Work request:
In the records below, find the line with "A dog leans" and the line with "For vivo V30"; return exactly those lines and every line between them.

Data for review:

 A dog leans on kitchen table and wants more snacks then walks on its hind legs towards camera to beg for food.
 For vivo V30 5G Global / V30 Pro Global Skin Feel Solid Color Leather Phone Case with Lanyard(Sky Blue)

==

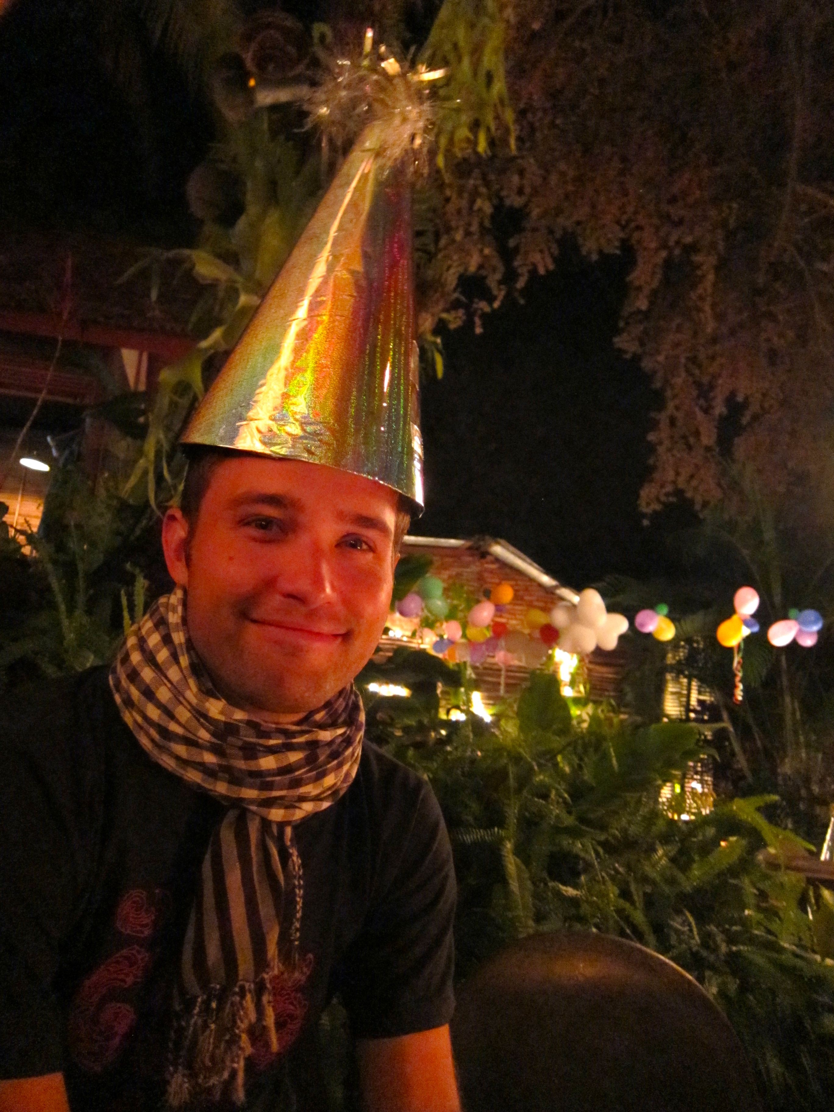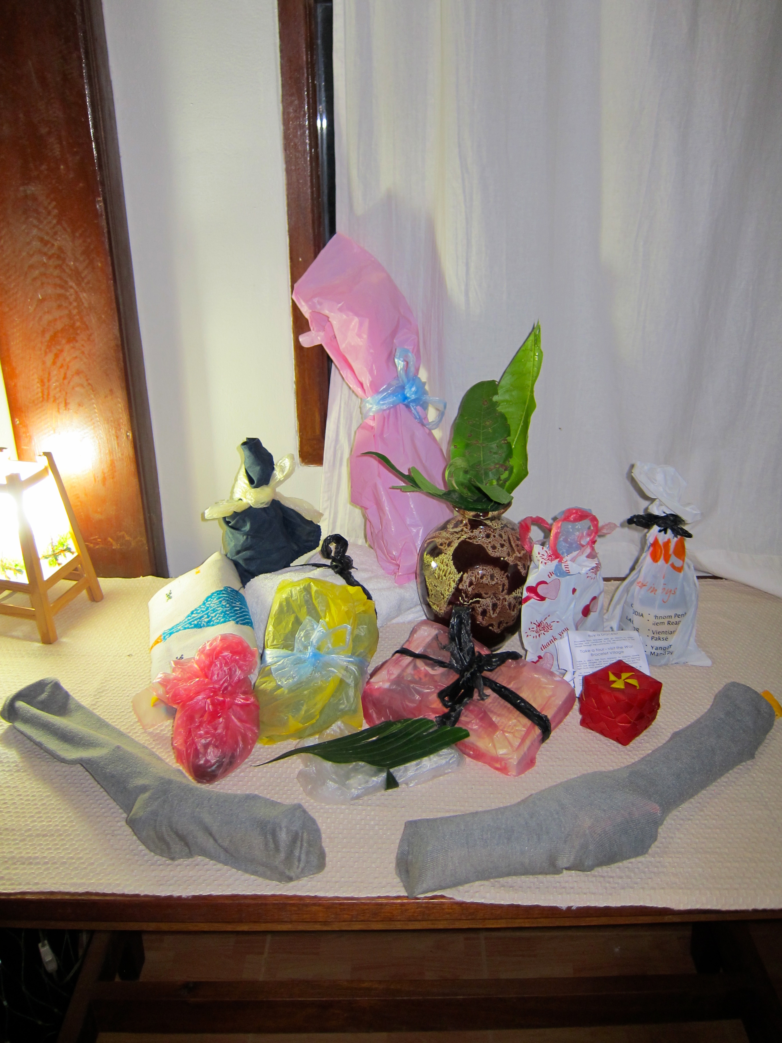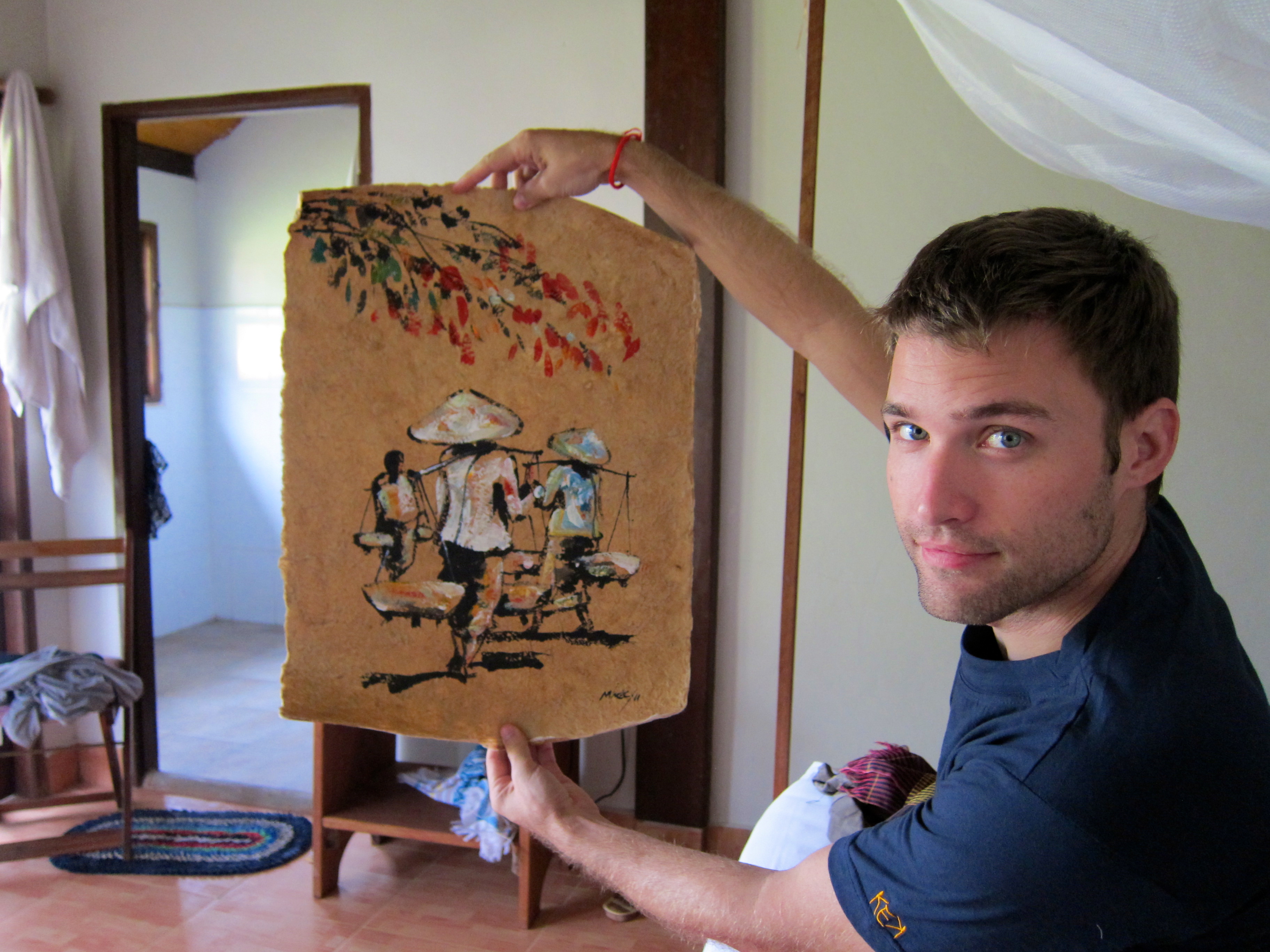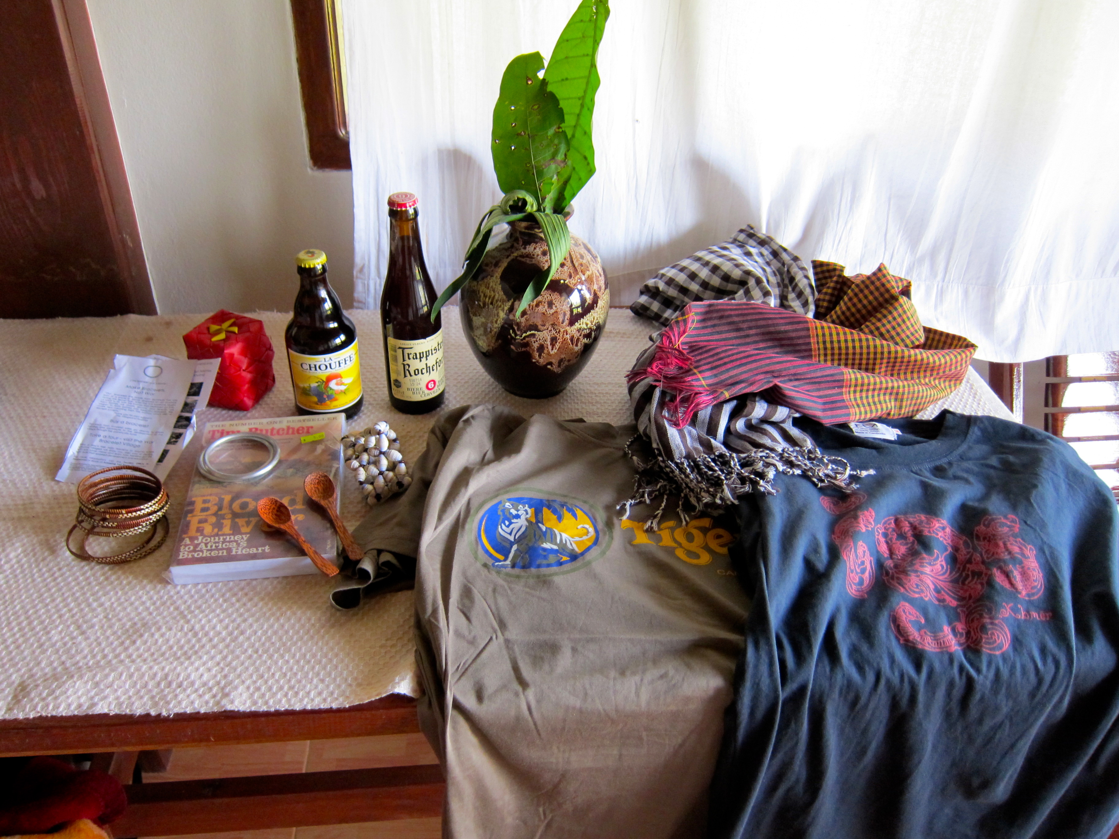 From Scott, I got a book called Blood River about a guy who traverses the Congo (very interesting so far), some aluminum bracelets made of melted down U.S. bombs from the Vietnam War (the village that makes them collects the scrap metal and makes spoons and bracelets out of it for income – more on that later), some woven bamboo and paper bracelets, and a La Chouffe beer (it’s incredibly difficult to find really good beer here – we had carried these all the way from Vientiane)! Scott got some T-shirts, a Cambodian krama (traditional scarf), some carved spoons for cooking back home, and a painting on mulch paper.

Output of the exercise:
 A dog leans on kitchen table and wants more snacks then walks on its hind legs towards camera to beg for food.
 For vivo V30 5G Global / V30 Pro Global Skin Feel Solid Color Leather Phone Case with Lanyard(Sky Blue)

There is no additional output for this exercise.